The company also needs to distinguish between integration and coercion. Good integration makes the user feel powerful because the pieces work together. Bad integration makes the user feel cornered because every path leads back to the vendor’s preferred service. Microsoft has too often confused the two.
For sysadmins and IT pros, this consumer malaise matters more than it may appear. Employee expectations are shaped at home. If users associate Microsoft apps with nagging, bloat, or unreliable sync in their personal lives, that sentiment follows them into workplace rollouts. The boundary between consumer annoyance and enterprise resistance is thinner than procurement departments like to think.
Windows itself still has enormous strengths. Hardware choice, backward compatibility, gaming reach, business manageability, and developer flexibility remain formidable. But the default app layer is the emotional surface of the platform. It is where users decide whether Windows feels cared for.
The Ten-App Warning Microsoft Should Not Dismiss
The important lesson from this list is not that every user should switch to Google, Mozilla, Valve, or Anthropic. The lesson is that Microsoft is losing voluntary usage in categories it should be able to contest. That is more serious than losing a benchmark because it means users are making small daily votes against the ecosystem.- Edge needs less promotional ambition and more browser humility.
- Word remains powerful, but Microsoft must accept that collaboration speed now beats feature depth for many personal workflows.
- Teams cannot inherit Skype’s consumer role simply because Microsoft says it does.
- Outlook, To Do, OneNote, and OneDrive Photos show that sync and integration only matter when they match the way people actually live.
- Phone Link is a potentially defining Windows feature that will remain niche until reliability becomes its identity.
- Copilot and Xbox reveal the same trust problem from different angles: users resist when Microsoft turns assistance and entertainment into systems they feel they cannot control.
Microsoft’s path back is not mysterious, but it is humbling.
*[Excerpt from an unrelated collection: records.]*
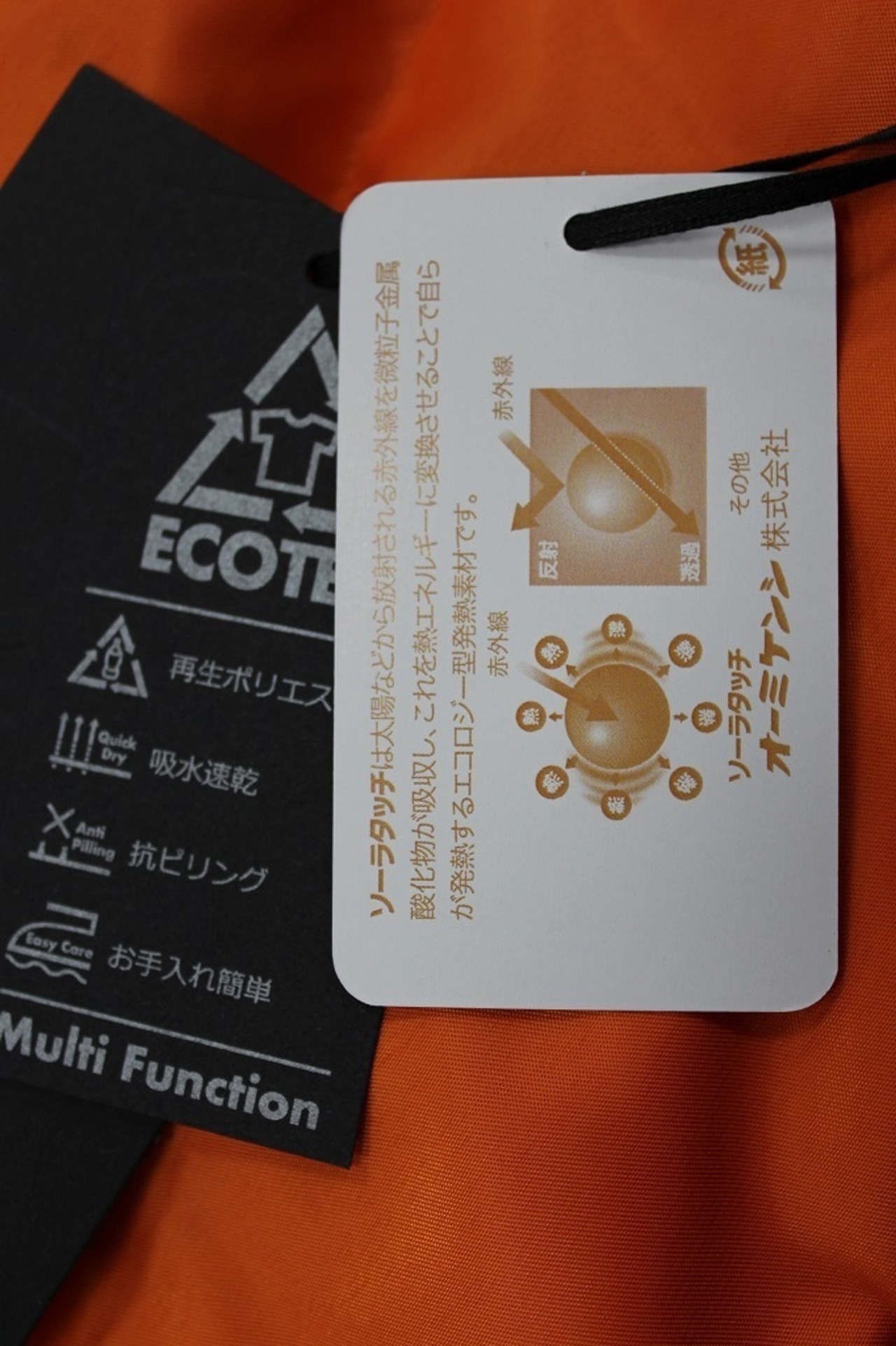高機能でハリコシのある素材を使用しています。中綿には環境配慮の観点から天然ダウンを使わずにリサイクルポリエステルから作成した発熱機能ファイバーフェイクダウンであるソーラータッチを採用し、ブランド理念に基づき企画されたダウンベストです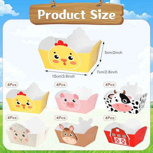 24 Pack Farm Animals Party Supplies Farm Disposable Paper Food Trays Animal Theme Birthday Parties Decorations Snack Bowl Serving Tray for Baby Shower Tableware Carnival Decor Favor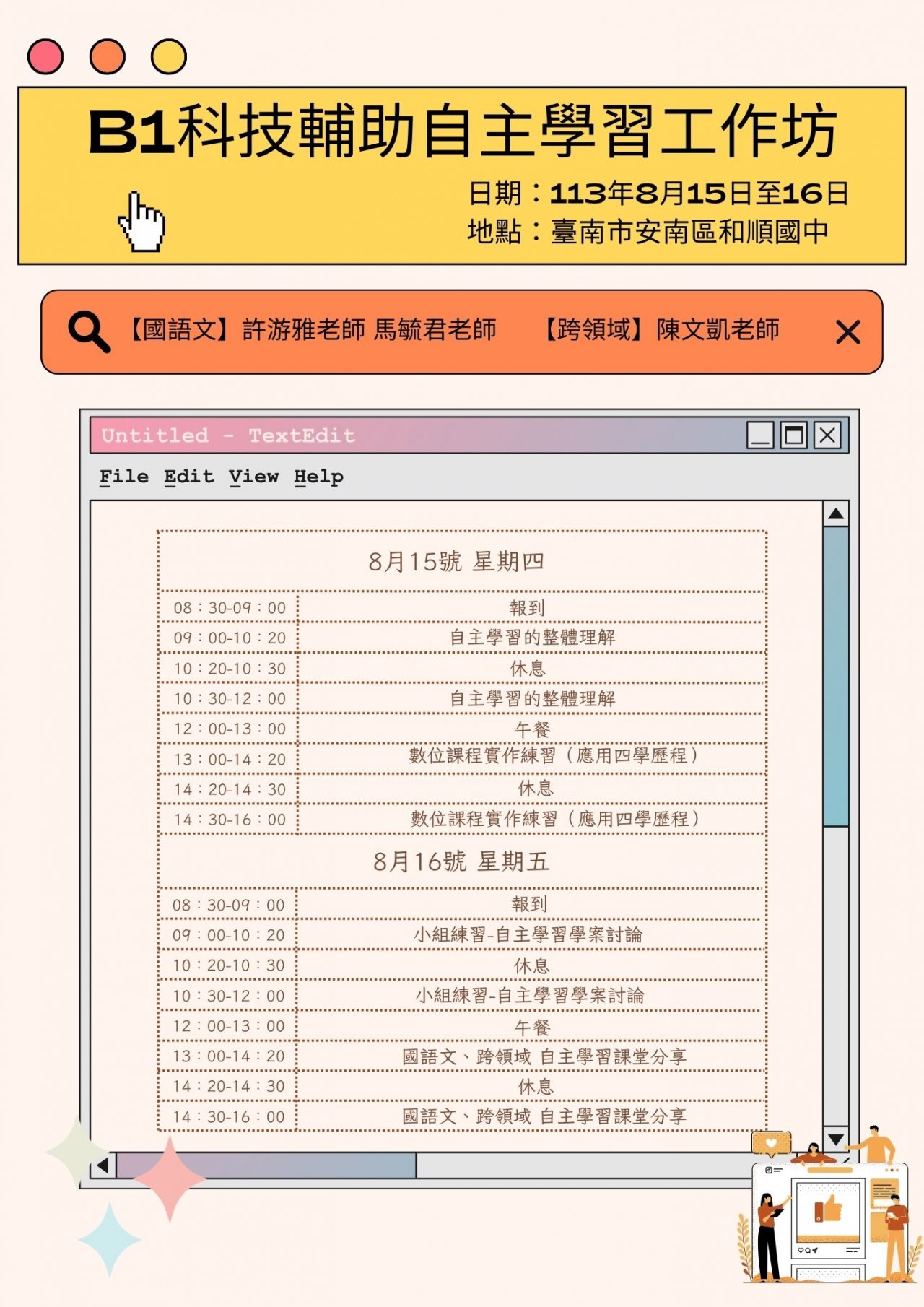 九、檢附【B1】科技輔助自主學習作坊課程表一份,敬請所屬學校鼓勵教師報名參與。

Build calmer apps. Make sync boring. Respect defaults. Stop shipping consumer products that feel like enterprise portals with friendlier icons. Give users clear controls before asking for deeper trust. If Microsoft does that, Windows can still become more than the place where everyone installs someone else’s better idea; if it does not, “winning back fans” will remain a line from an earnings call rather than a feeling on the taskbar.